Perform your favorite data analysis in Python
Chapter 0: Introduction to the Course
Chapter 1: Python Basics
In this chapter, we are going to learn how to define variables in Python and what are the main data types.
Chapter 2: Programming Fundamentals
In this chapter, we are going to look at programming concepts, such as working with loops, writing custom functions, and dealing with errors.
Chapter 3: Packages for Data Manipulation
We will introduce two main packages for working with data. We are going to see how we can use NumPy to perform linear algebra calculations and how to perform data manipulations on tabular data using Pandas.
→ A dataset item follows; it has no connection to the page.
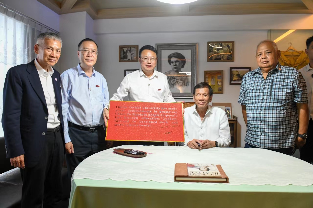 7月19日,菲律宾共和国第16任总统罗德里戈·杜特尔特莅校访问。杜特尔特参加了以其母索莱达·杜特尔特命名的纪念大楼落成剪彩仪式和“赤子心”雕塑揭幕仪式,观看了索莱达·杜特尔特事迹视频《梦想永存》,在欢迎大会上作了演讲;参观了索莱达女士纪念馆和菲律宾研究中心,亲笔题词“必一在线平台(中国)官网以教育促进中菲民心相通,成果丰硕。期待持续深耕,再创佳绩!我爱福建师大!”,并在索莱达大楼楼前共植友谊树。

Chapter 4: Data Visualization
Making plots from the raw data is a powerful and somewhat underestimated tool that could give you a better understanding of what is going on in your data and some interesting insights. In this chapter we will look at the main plot types and how to create them in Python using Matplotlib and Seaborn packages.
Chapter 5: I/O
Now that we know how to work with data it's time to learn how to actually import the data from external sources and files into Python. We will see how to load files of different formats, such as txt, csv, mat, and how to create API requests.
Chapter 6: Statistics in Python
We will look at how to perform statistical analysis such as ANOVA or Chi-squared test using mainly scipy.stats module and pingouin package.
Chapter 7: More Examples
Miscellaneous examples of other awesome stuff you could do with Python to deal with "real-world" problems.